Comparison of mass spectrometric approaches for real-time characterization of organic aerosol

Atmospheric organic aerosol (OA) contains a mixture of molecules from various sources, both primary and secondary, and with different levels of atmospheric aging and propensity for particle-phase reactions. This highlights the need for detailed characterization of OA composition to better understand its sources, atmospheric transformation, and resulting physicochemical properties. This characterization is also preferably conducted in real-time, to capture both sudden changes of airmasses as well as fast reactions within the particles. We performed an intercomparison at our field station in Hyytiälä in the Finnish boreal forest where we deployed four different mass spectrometers able to measure aerosol composition in real-time. The instruments included an Aerosol Chemical Speciation Monitor (ACSM) as the reference instrument as well as three chemical ionization mass spectrometers (CIMS): a Vaporization Inlet for Aerosols coupled with a nitrate CIMS (VIA-NO₃-CIMS), an Extractive Electrospray Ionization TOF (EESI-TOF), and a Filter Inlet for Gases and AEROsols coupled with an iodide CIMS (FIGAERO-I-CIMS). We also performed a follow-up chamber study to complement some missing comparisons due to instrumental problems during the field campaign.
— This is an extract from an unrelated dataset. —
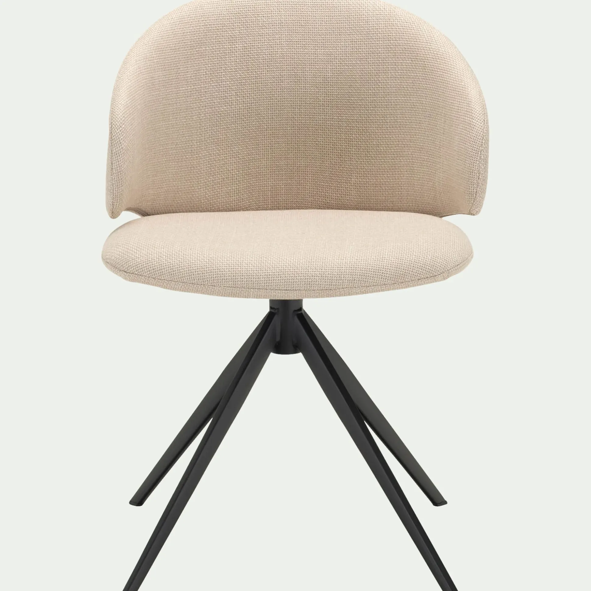 Avec son revêtement en tissu beige, cette chaise de repas allie confort et élégance en toute simplicité. Son assise généreuse et son dossier bien rembourré en font un siège agréable pour les repas prolongés. Pivotante, elle offre une liberté de mouvement idéale au quotidien. Son piètement en acier noir au design graphique affirme un style contemporain, tout en assurant stabilité et solidité. Une chaise en tissu fonctionnelle qui ne fait aucun compromis sur le style.

CIMS has become a key tool for probing gas-phase composition, and studies have demonstrated how different reagent ions are able to detect distinct molecule types. In addition, using different methods for transferring aerosol-phase molecules into the gas-phase for detection by CIMS will most likely also result in differences in detected molecules. This study aimed to evaluate differences in instrument sensitivity for different types of OA and assess the fraction of OA that could be measured with these state-of-the-art methods deployed together.
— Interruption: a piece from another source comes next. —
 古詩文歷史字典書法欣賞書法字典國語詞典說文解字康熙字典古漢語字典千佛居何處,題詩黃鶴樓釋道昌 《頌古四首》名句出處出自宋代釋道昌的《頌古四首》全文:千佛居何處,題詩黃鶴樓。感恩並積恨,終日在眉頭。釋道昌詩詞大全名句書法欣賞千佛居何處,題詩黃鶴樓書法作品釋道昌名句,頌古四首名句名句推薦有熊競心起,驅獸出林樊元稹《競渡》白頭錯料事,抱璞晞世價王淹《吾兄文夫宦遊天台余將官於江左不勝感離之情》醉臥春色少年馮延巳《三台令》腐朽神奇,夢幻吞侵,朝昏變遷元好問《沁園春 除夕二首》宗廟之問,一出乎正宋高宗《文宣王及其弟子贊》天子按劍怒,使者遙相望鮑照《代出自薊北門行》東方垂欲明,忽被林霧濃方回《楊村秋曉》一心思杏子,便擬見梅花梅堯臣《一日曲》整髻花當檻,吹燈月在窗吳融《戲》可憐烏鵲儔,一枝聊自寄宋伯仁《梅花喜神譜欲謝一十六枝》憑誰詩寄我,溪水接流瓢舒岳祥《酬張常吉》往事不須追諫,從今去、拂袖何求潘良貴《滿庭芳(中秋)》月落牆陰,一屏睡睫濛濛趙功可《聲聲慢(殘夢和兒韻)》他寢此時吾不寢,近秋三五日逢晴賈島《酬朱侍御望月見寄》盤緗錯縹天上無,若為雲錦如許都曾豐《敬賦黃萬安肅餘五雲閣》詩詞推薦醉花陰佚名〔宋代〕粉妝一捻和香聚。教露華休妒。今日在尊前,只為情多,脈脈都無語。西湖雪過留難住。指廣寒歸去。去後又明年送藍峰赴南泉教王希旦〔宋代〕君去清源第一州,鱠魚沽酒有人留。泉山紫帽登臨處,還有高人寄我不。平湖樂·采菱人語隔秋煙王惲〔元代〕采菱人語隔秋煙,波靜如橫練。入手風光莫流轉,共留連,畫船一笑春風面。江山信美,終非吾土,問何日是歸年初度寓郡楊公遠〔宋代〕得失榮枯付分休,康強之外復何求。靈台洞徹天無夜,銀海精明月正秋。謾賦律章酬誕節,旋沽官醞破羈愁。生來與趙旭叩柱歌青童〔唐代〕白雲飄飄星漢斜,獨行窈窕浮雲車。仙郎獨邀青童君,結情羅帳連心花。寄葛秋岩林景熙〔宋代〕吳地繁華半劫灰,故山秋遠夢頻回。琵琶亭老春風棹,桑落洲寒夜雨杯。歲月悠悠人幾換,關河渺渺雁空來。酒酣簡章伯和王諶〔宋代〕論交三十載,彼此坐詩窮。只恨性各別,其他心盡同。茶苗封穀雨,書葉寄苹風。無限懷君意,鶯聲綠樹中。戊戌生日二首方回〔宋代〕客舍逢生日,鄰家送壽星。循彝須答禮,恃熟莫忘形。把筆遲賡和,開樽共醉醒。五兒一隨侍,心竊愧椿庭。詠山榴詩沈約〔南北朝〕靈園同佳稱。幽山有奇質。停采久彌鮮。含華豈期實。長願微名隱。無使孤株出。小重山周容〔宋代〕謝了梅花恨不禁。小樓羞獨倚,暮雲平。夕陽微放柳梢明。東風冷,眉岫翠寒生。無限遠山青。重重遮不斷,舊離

The campaign in Hyytiälä (Sept 2-25, 2024) provided several interesting results. The foremost finding was a very high correlation between that the organics measured by the ACSM and the VIA–NO₃-CIMS (R² = 0.90) and FIGAERO-I-CIMS (R² = 0.88). Consequently, also the VIA and the FIGAERO correlated extremely well, which was unexpected given that iodide and nitrate CIMS instruments tend to show very few common signals in typical gas-phase measurements. Sulfate measured by the VIA–NO₃-CIMS agreed almost perfectly with ACSM measurements (R² = 0.97), further validating that the instrument was working well throughout the campaign. Due to technical issues, however, the EESI-TOF did not provide enough data during the Hyytiälä campaign, and therefore we instead compared the VIA and EESI instruments with an AMS during a later chamber campaign using different types of aerosol precursors. This data is currently being analyzed in more detail, but at least for monoterpene-derived OA, also the EESI shows good correlation with the VIA, though with a higher sensitivity for less-oxygenated molecules while the VIA had higher sensitivity for the most oxygenated compounds. I will present more in-depth comparison results at the conference, including key differences between the methods, but our comparison indicates that all three aerosol CIMS instruments are able to detect a large fraction of the OA, at least in regions dominated by biogenic secondary OA.